2.3    Het hof heeft de zaak mondeling behandeld ter openbare zitting van 20 november 2015, waar geen van de partijen is verschenen.

3    KLACHT

3.1    De klacht houdt, zakelijk weergegeven, in dat verweerder tuchtrechtelijk verwijtbaar heeft gehandeld als bedoeld in artikel 46 Advocatenwet door: 

a)    bij het opstarten van de zaak en het opvragen van het medisch dossier van klaagster onvoldoende voortvarendheid te betrachten;

b)        de heer [naam medisch adviseur] als medisch adviseur in te schakelen terwijl de heer [naam medisch adviseur] verzekeringsarts is en niet gespecialiseerd is in orthopedie;

c)        zijn werkzaamheden neer te leggen in verband met de ontstane vertrouwensbreuk.

4    BEOORDELING

4.1    Artikel 46h lid 4 van de Advocatenwet bepaalt dat geen rechtsmiddel openstaat tegen een beslissing van de Raad van Discipline tot niet-ontvankelijkverklaring of ongegrondverklaring van het verzet, gedaan tegen een beslissing van de voorzitter van die raad waarbij een klacht als kennelijk niet-ontvankelijk of kennelijk ongegrond dan wel van onvoldoende gewicht is afgewezen.

4.2    Dit betekent dat de Advocatenwet aan klaagster niet de mogelijkheid biedt om in hoger beroep te komen van de bestreden beslissing van de raad. Klaagster is daarom niet-ontvankelijk in haar beroep.

BESLISSING

Het Hof van Discipline:

verklaart klaagster niet-ontvankelijk in haar beroep tegen de beslissing van de Raad van Discipline in het ressort Arnhem-Leeuwarden van 13 april 2015, gewezen onder nummer 14-188.

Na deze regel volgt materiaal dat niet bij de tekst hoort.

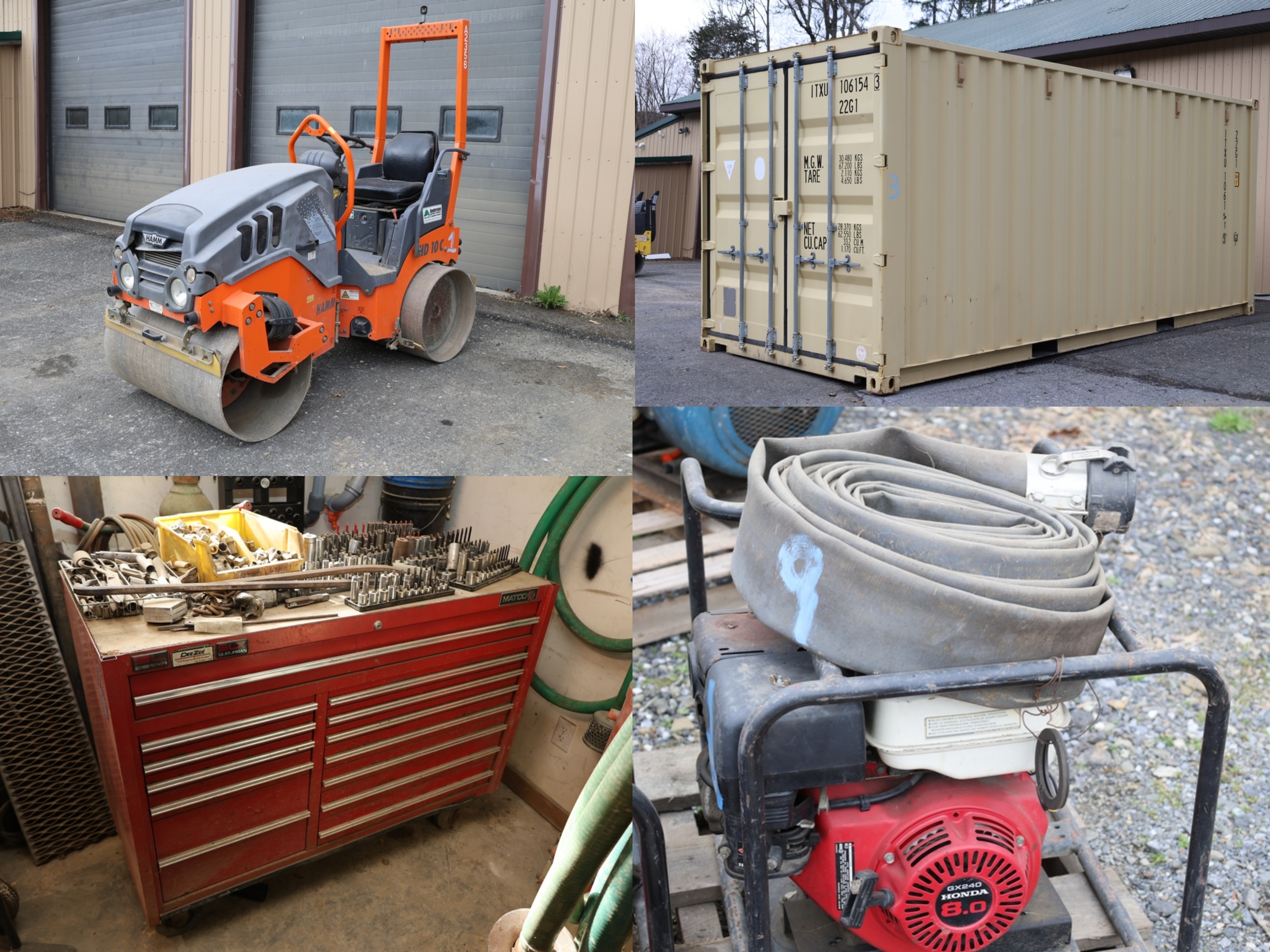 Items include 2013 Hamm HD 10 C tandem roller; 2011 Bomag BW900 50 tandem roller; 2011 Bomag BW900 50 tandem roller; 2005 & 2016 20' shipping containers; 40' shipping container; Matco rolling tool ...
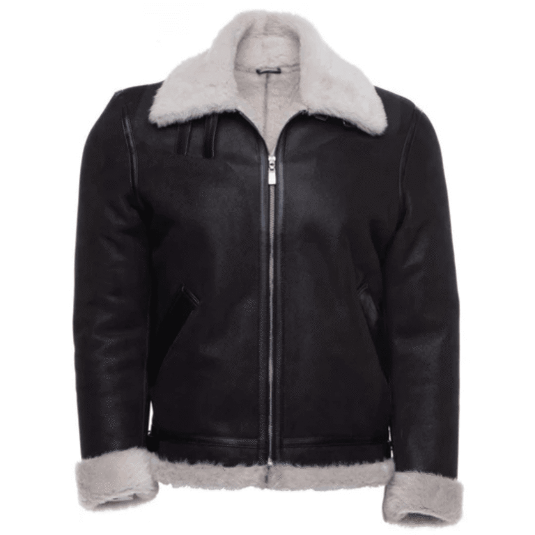 Hampton’s Classic Brown B-3 Bomber Aviator Shearling Jacket with collar belt
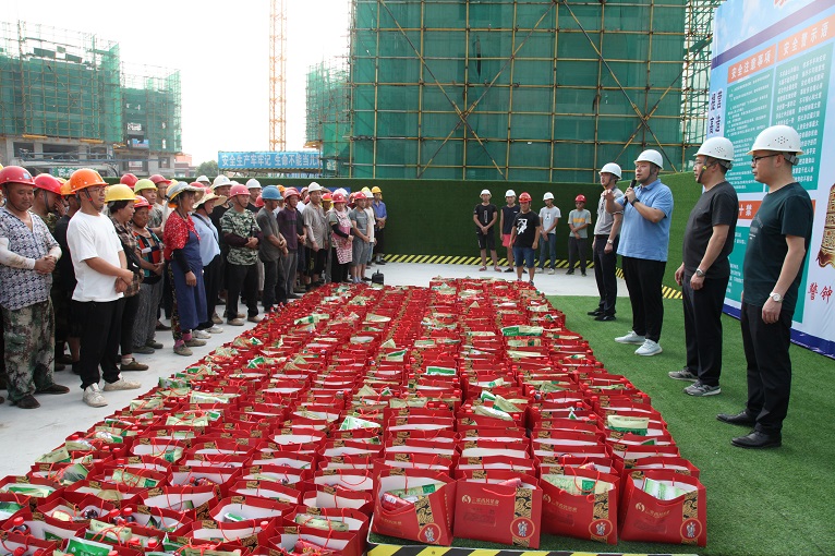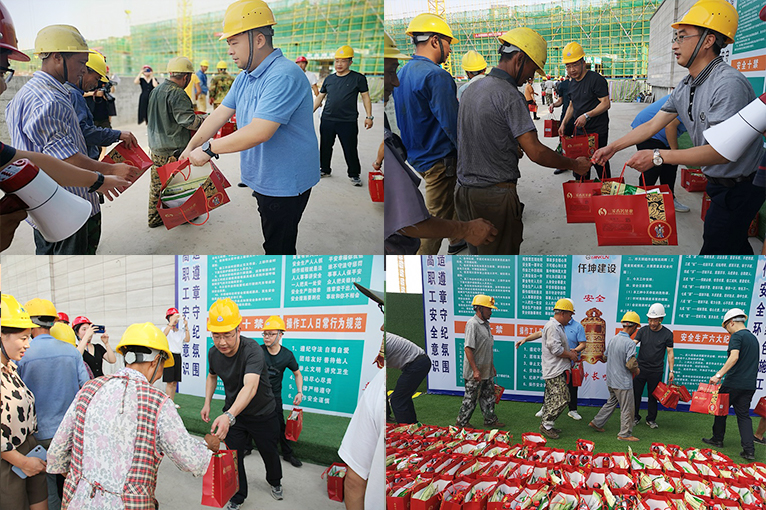 夏日驕陽似火,建筑工地更是熱浪滾滾,為使廣大職工度過一個安全、健康、衛生、清涼的夏季。8月10日上午,仟坤集團總裁謝澤波,集團常務副總裁葉金春,集團黨委書記、副總裁周述軍,集團副總裁趙新強來到仟坤水街和仟坤天璽項目工地看望仟坤建設的一線建筑工人。

Aldus gewezen door mr. W.H.B. den Hartog Jager, voorzitter, mrs. G. Creutzberg,  G.W.S. de Groot, A.A.H. Zegers en J.R. Krol, leden, in tegenwoordigheid van mr. A.N. Kikkert, griffier, en in het openbaar uitgesproken op 18 januari 2016.

griffier    voorzitter                           

De beslissing is verzonden op 18 januari 2016.